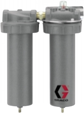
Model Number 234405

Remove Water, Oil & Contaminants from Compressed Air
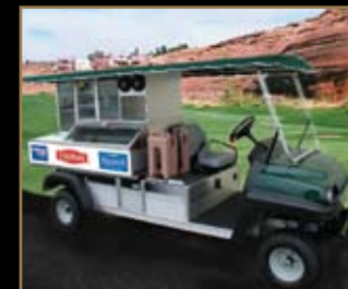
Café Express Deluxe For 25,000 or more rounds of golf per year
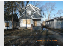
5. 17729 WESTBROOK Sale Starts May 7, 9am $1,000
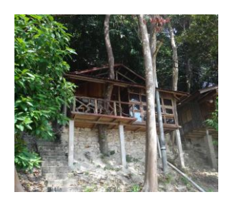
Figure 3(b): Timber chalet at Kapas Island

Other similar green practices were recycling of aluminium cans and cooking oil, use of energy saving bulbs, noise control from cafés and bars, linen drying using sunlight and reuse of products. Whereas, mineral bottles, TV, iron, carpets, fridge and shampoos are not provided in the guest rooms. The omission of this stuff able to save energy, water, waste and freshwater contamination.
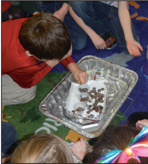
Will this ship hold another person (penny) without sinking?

* * *

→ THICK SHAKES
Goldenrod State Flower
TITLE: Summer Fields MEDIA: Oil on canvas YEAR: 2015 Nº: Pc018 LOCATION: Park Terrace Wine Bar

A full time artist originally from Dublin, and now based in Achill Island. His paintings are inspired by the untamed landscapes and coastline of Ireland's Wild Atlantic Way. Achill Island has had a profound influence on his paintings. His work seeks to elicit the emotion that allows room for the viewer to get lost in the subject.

▸ **Problem to work on**: From the material above, output only the span of lines that starts at the one containing "Figure 3(b): Timber chalet at Kapas Island" and finishes at the one containing "Will this ship", word for word and free of pictures.

▸ **Task response**:
Figure 3(b): Timber chalet at Kapas Island

Other similar green practices were recycling of aluminium cans and cooking oil, use of energy saving bulbs, noise control from cafés and bars, linen drying using sunlight and reuse of products. Whereas, mineral bottles, TV, iron, carpets, fridge and shampoos are not provided in the guest rooms. The omission of this stuff able to save energy, water, waste and freshwater contamination.
Will this ship hold another person (penny) without sinking?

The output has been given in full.